Therefore a+b=P(S(x))+P(S(y))=000000 000000 000000 000100 000000 000000

We also have
P^-1(x')=110111 001011 111101 110111 011110 011111
P^-1(y')=110111 001011 111101 110111 110011 011111

So a'+b'=P^-1(x')+P^-1(y')=000000 000000 000000 000000 101101 000000

Now let's find the sets F(a+b) and P^-1(B(a'+b')) as described above.

First, F(a+b) corresponds to possible values of a''+b''=S(a)+S(b). There are 64 (technically 63) possibilities, namely all strings of the form:
000000 000000 000000 ****** 000000 000000 (* can be either 0 or 1, but not all *s can be 0)

To compute P^-1(B(a'+b')), we can first determine the 64 possible values in B(a'+b'), or S^-1(a')+S^-1(b'):
000000 000000 000000 000000 ****** 000000
Running this back through P^-1 gives:
000*00 00000* 00000* 00*000 0*0000 0000*0

We got super lucky in this case, because there is only one number in both sets, namely:
000000 000000 000000 001000 000000 000000

Therefore, we have the following two equations:
a   +b   =000000 000000 000000 000100 000000 000000
S(a)+S(b)=000000 000000 000000 001000 000000 000000

Of course, this doesn't give us any information about the 000000 blocks, but this does restrict possibilities for the 4th block.
By bruteforcing all 64^2 pairs, it turns out that there's only two possibilities for this block:
a = ****** ****** ****** 101011 ****** ******
b = ****** ****** ****** 101111 ****** ******
(the second possibility is switching a and b)
Finally, we know that K_1(P(S(x)))=a, so K_1=P(S(x))+a. Therefore, the fourth block of K_1 has two possibilities
K_1=****** ****** ****** 111000 ****** ******
K_1=****** ****** ****** 111100 ****** ******
We've reduced the total number of K_1 possibilities from 2^36 to 2^30*2, which is pretty good for a single plaintext/ciphertext pair!

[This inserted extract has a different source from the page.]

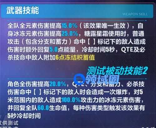 (2)被动技能:全队元素伤害提高12%,自身冰冻元素伤害提高20%等。

In the above example, we got really lucky because there was only one possible value in the intersection \mathcal{F}(a+b) \cap P^{-1}(\mathcal{B}(a'+b')), but even if there are multiple possible values, this can still reduce the number of key possibilities, and there are enough pairs in the log to uniquely determine the value of the key using this strategy. However, if the cipher had 4 or more rounds, I’m not sure this strategy would work because the possibilities probably blow up too quickly.

For completeness, here’s the Python script we used to implement the above attack, but it’s uncommented and very messy, so I wouldn’t bother reading it. Though if you do read it and have questions on how it works, feel free to ask.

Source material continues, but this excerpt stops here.